» **What you should do**: Records follow. Print exactly the lines from the one that has "Wianek jesienny bogato" through the one that has "Veldstukken 54 is", inclusive, and omit the pictures.
▽
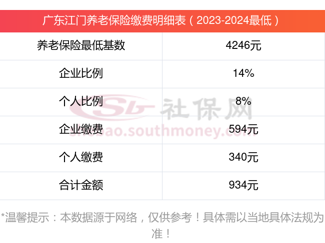 广东江门养老保险缴费金额的计算涉及多个因素,包括缴费基数、缴费比例等,且各地的具体方案可能存在差异。以下是一个基于一般情况的养老保险缴费金额计算举例:
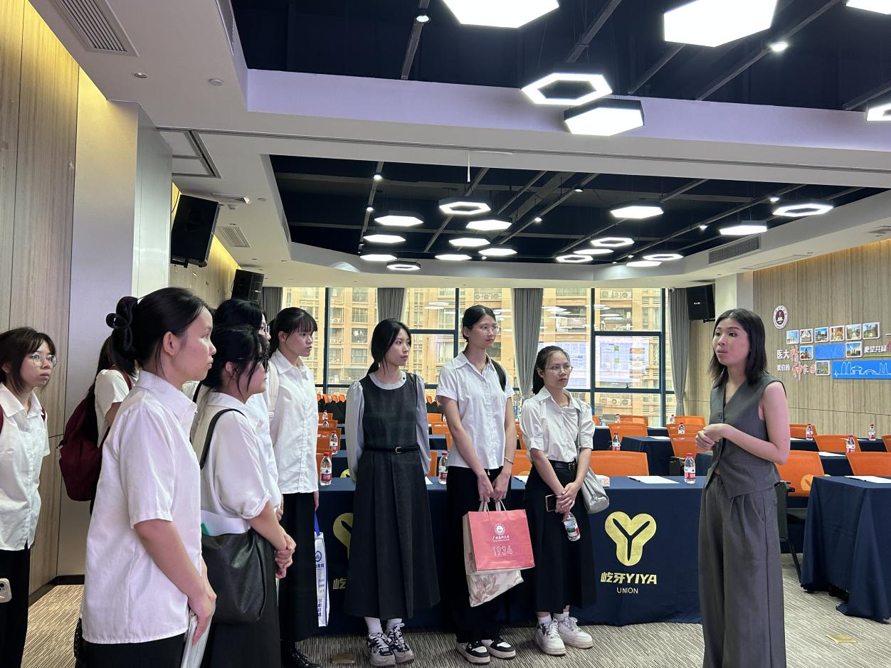 活动伊始,广西屹牙集团代表带领师生们参观企业的办公环境,感受企业文化。紧接着,进行招聘宣讲会,广西屹牙集团负责人黄峥容详细介绍了公司的发展历程、业务范围以及未来的发展规划,让员工们对企业有了深入地了解。随后,广西屹牙集团分组进行现场面试。员工就岗位需求、薪资待遇、职业发展等问题与企业代表进行交流。
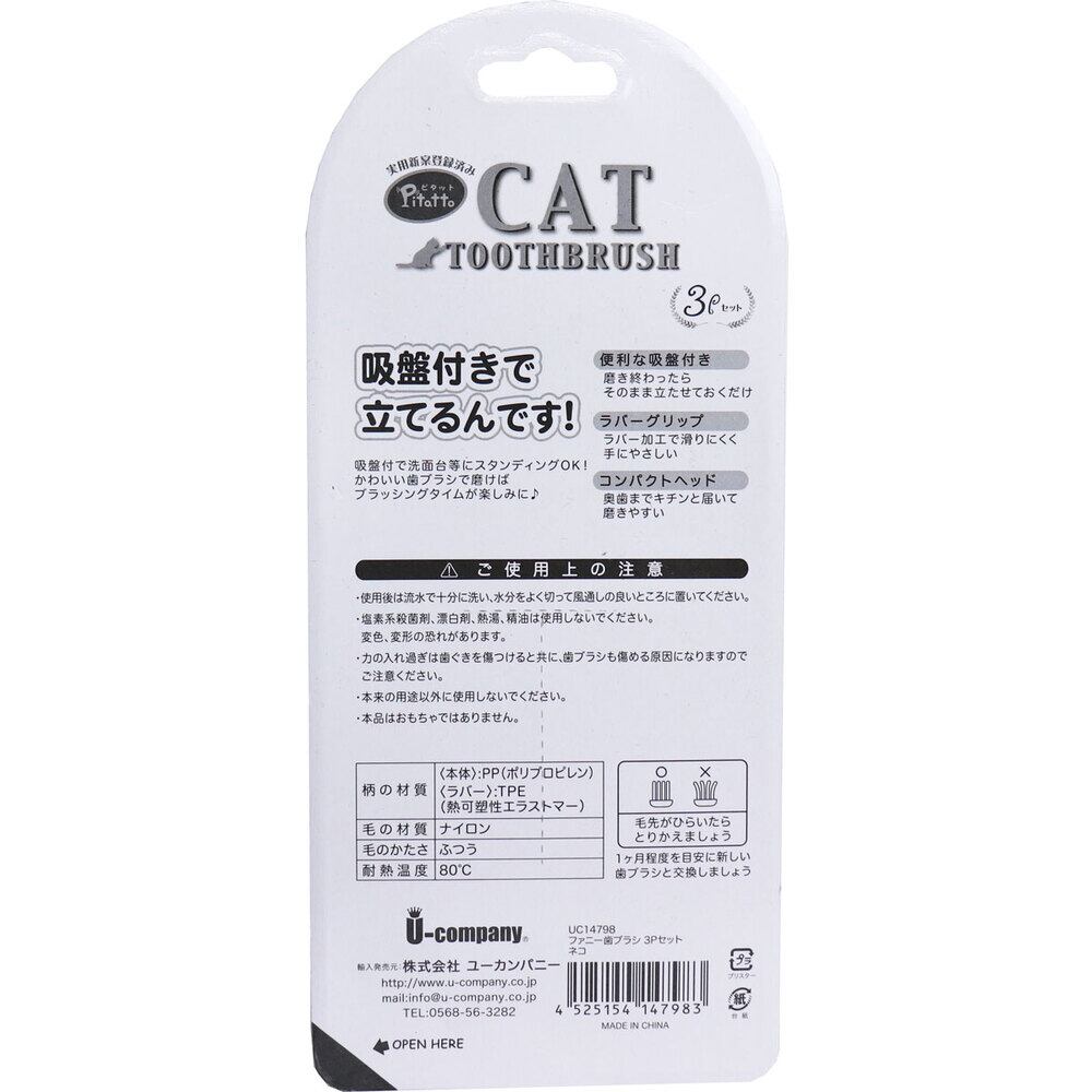 ピタット ファニー歯ブラシ 吸盤付 ネコ 3本セット
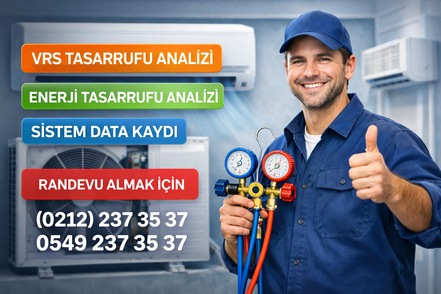 VRS tasarrufu analizi ve enerji tasarrufu çalışmaları kapsamında; sistemin çalışma değerleri kayıt altına alınır, performans raporları oluşturulur ve uzun vadeli çözüm önerileri sunulur. Alanında deneyimli teknik ekibimiz, hızlı servis anlayışı ve temiz işçilik prensibiyle tüm süreçleri titizlikle yürütür.
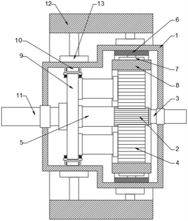 一種多重減震行星減速機(jī),包括保護(hù)外殼,保護(hù)外殼的內(nèi)設(shè)置有太陽(yáng)輪,太陽(yáng)輪的一側(cè)固定連接有輸入軸,輸入軸貫穿保護(hù)外殼在貫穿處通過軸承套與保護(hù)外殼轉(zhuǎn)動(dòng)連接,太陽(yáng)輪的外側(cè)設(shè)置有三個(gè)呈陣列分布的行星輪,行星輪與太陽(yáng)輪通過卡尺嚙合連接,太陽(yáng)輪的外側(cè)設(shè)置有齒環(huán),所有的太陽(yáng)輪均與齒環(huán)通過卡齒嚙合連接,齒環(huán)的外側(cè)設(shè)置有連接套,連接套與保護(hù)外殼固定連接,連接套和保護(hù)外殼通過若干個(gè)內(nèi)連接件連接,太陽(yáng)輪遠(yuǎn)離輸入軸的一側(cè)設(shè)置有支撐架,三個(gè)行星輪均通過連接柱與支撐架固定連接,連接柱與行星輪和支撐架均固定連接,支撐架遠(yuǎn)離太陽(yáng)輪的一側(cè)固定連接有輸出軸,輸出軸貫穿保護(hù)外殼且在貫穿處通過軸承套與保護(hù)外殼轉(zhuǎn)動(dòng)連接;
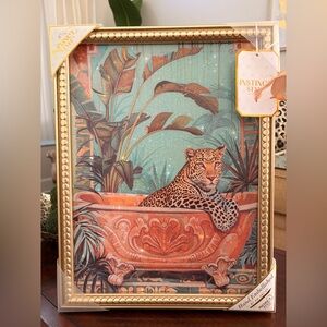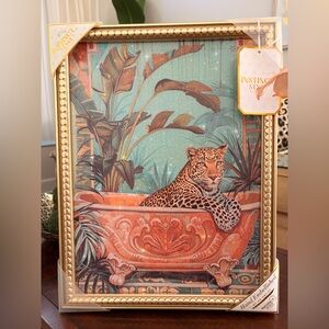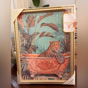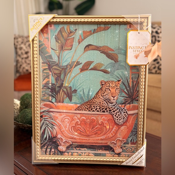 Enhance your home with the Leopard Wall Art. Featuring a striking leopard design in a luxurious gold frame, this piece adds a touch of elegance to any room.
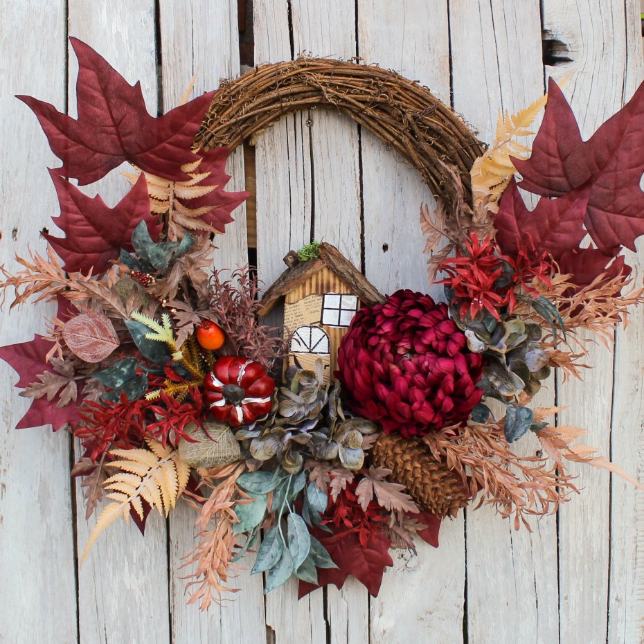 Wianek jesienny bogato zdobiony z uroczym domkiem. Wianek wykonany na rondzie o średnicy 35cm.
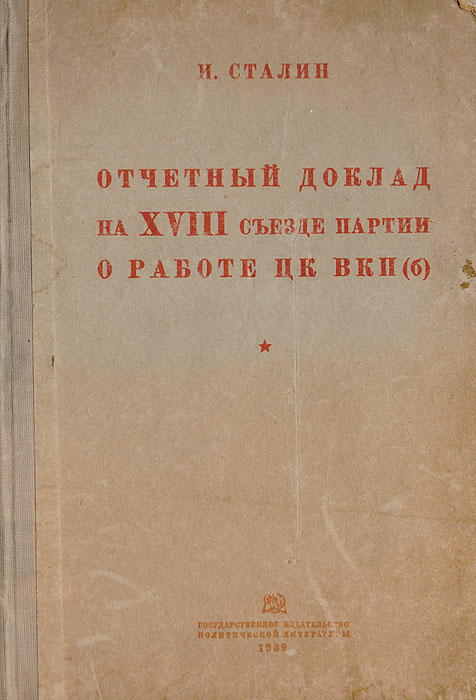 | Полное название книги | Иосиф Сталин Отчетный доклад на XVIII съезде партии о работе ЦК ВКП (б) |
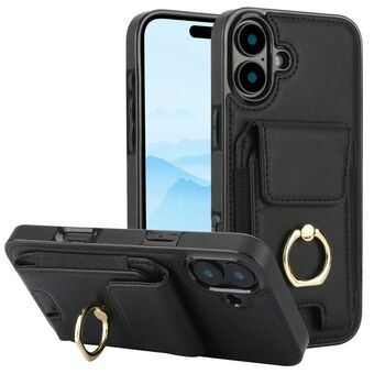 Θήκη τηλεφώνου για iPhone 16 με ελαστική τσέπη για κάρτες και δαχτυλίδι στήριξης (Καφέ)
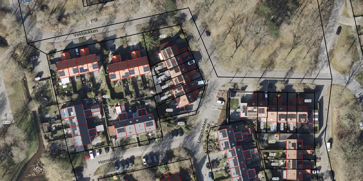 Veldstukken 54 is gelegen op kadastraal perceel EDE02E3221. Deze kadastrale aanduiding is uniek en wordt gebruikt door het Kadaster om eigendomsrechten en andere zakelijke rechten vast te leggen. Het perceel maakt onderdeel uit van de kadastrale gemeente Eelde.
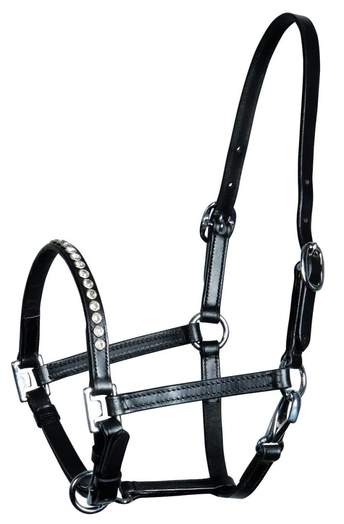 Mooi lederen halster met schitterende kristallen. Verstelbaar aan 2 kanten van het hoofd en op de kin. Verchroomde fournituren.
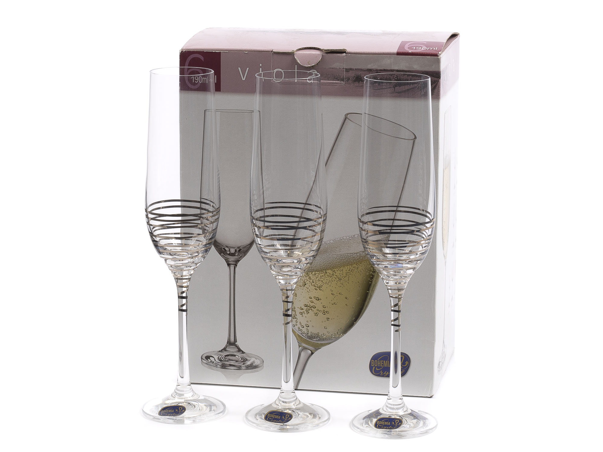 НАБОР БОКАЛОВ ДЛЯ ШАМПАНСКОГО стеклянных декор. “Viola” 6 шт. 190 мл (арт. 40729/M8434/190) 81683
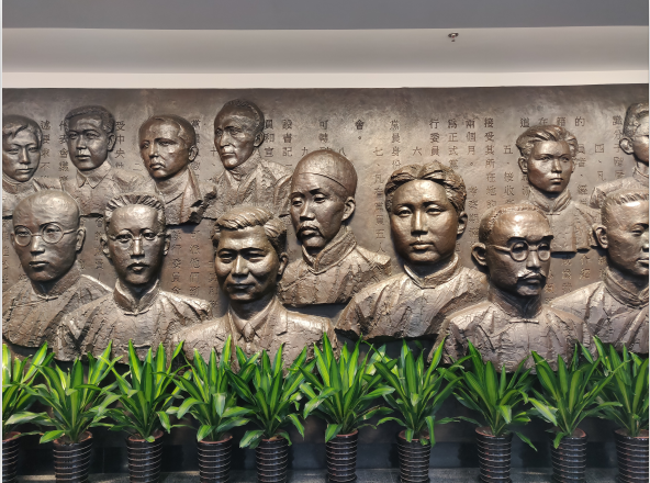 (中共一大会址入口处雕像) 展馆中,中国共产党创建历史陈列主要分为三部分,第一部分:前赴后继救亡图存,第二部分:风云际会相约建党;第三部分:群英汇聚开天辟地。主要介绍了中国党成立的历史背景、中国共产党早期组织的成立及其活动和中国共产党第一次全国代表大会召开的全过程。今年恰逢五四运动100周年,学员们还参观了位于中国共产党第一次全国代表大会会址的“伟大觉醒——五四新文化运动与中国共产党的创建文物史料展”,以此纪念五四运动100周年,传承弘扬“爱国、进步、民主、科学”的无私精神。
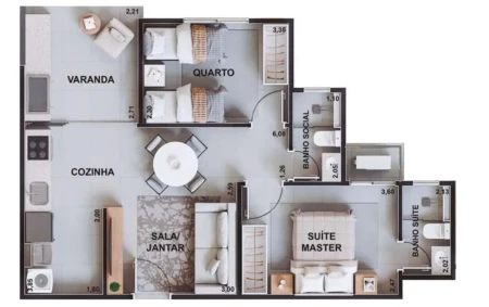 - 56 m² de área privativa - 2 quartos - 1 vaga de garagem individual - fácil acesso à região do Parque Cascavel, avenida T-9, região do Eldorado - Condomínio: R$ 300,00 - R$ 228.000,00
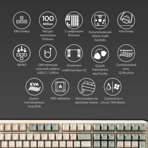 - Кейкапи: Виготовлені з міцного PBT пластику з лазерним гравіюванням українських літер, що гарантує довговічність і стійкість до стирання.
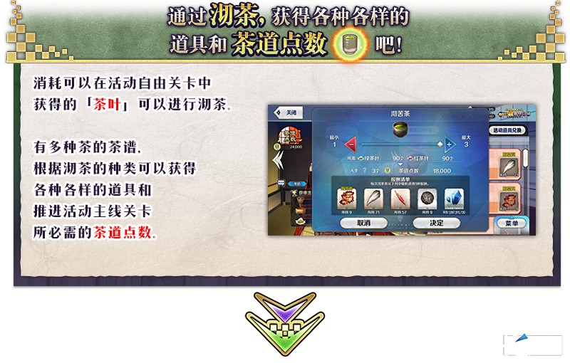 限时活动「非同寻常茶道之战 唠唠叨叨新邪马台国 从地狱归来的男人」中,沏茶可以获得推进活动主线关卡必需的「茶道点数」和各种各样的道具。
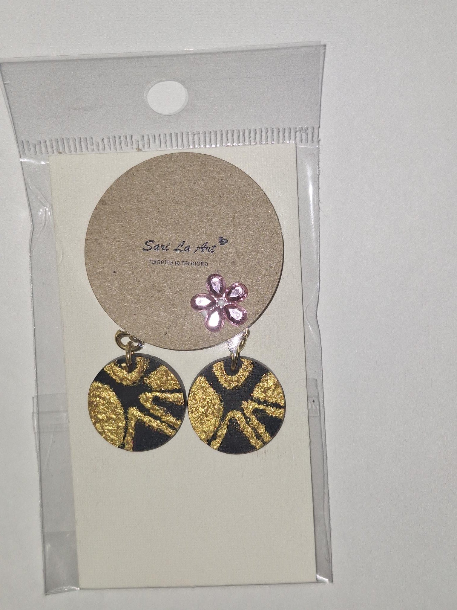 Kauniit mustat Maureen-malliston korvakorut ovat sinulle, joka arvostat ajatonta ylellisyyttä ja hienovaraista näyttävyyttä. Runsaan kullan sävyinen abstrakti kuvio heijastaa valoa kauniisti ja tekee koruista katseenvangitsijan niin arjessa kuin juhlassa.
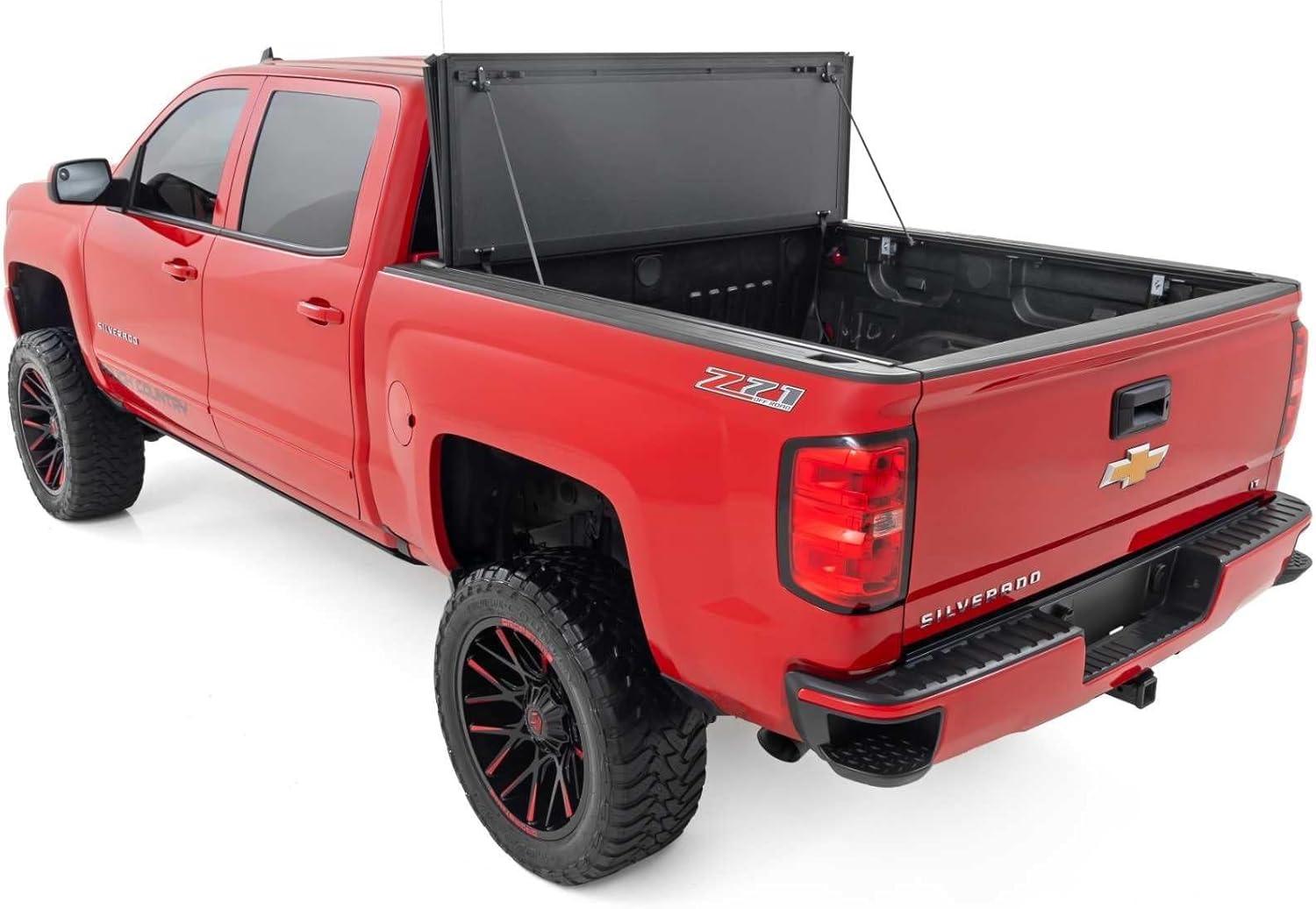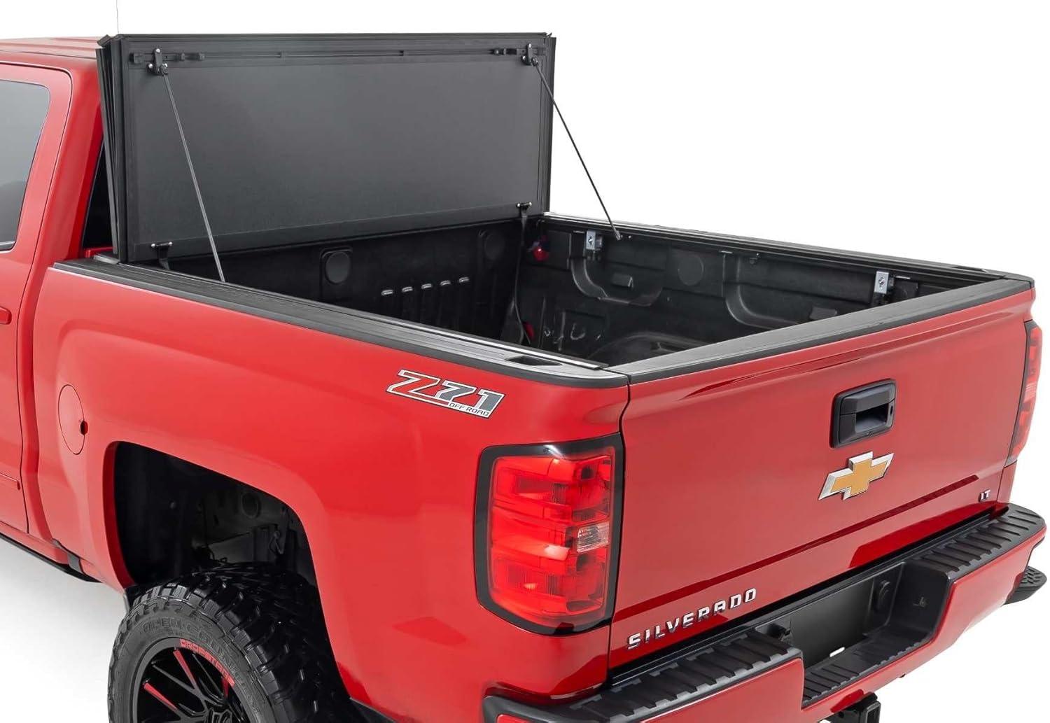 Rough Country Hard Tri-Fold Flip-Up Truck Bed Tonneau Cover for Chevy Silverado & GMC 1500/2500HD/3500HD (2014-2019) - Fits 6'7" (78.8-78.9") Bed with Rail Caps
△
» **Answer for the task**:
 Wianek jesienny bogato zdobiony z uroczym domkiem. Wianek wykonany na rondzie o średnicy 35cm.
 | Полное название книги | Иосиф Сталин Отчетный доклад на XVIII съезде партии о работе ЦК ВКП (б) |
 Θήκη τηλεφώνου για iPhone 16 με ελαστική τσέπη για κάρτες και δαχτυλίδι στήριξης (Καφέ)
 Veldstukken 54 is gelegen op kadastraal perceel EDE02E3221. Deze kadastrale aanduiding is uniek en wordt gebruikt door het Kadaster om eigendomsrechten en andere zakelijke rechten vast te leggen. Het perceel maakt onderdeel uit van de kadastrale gemeente Eelde.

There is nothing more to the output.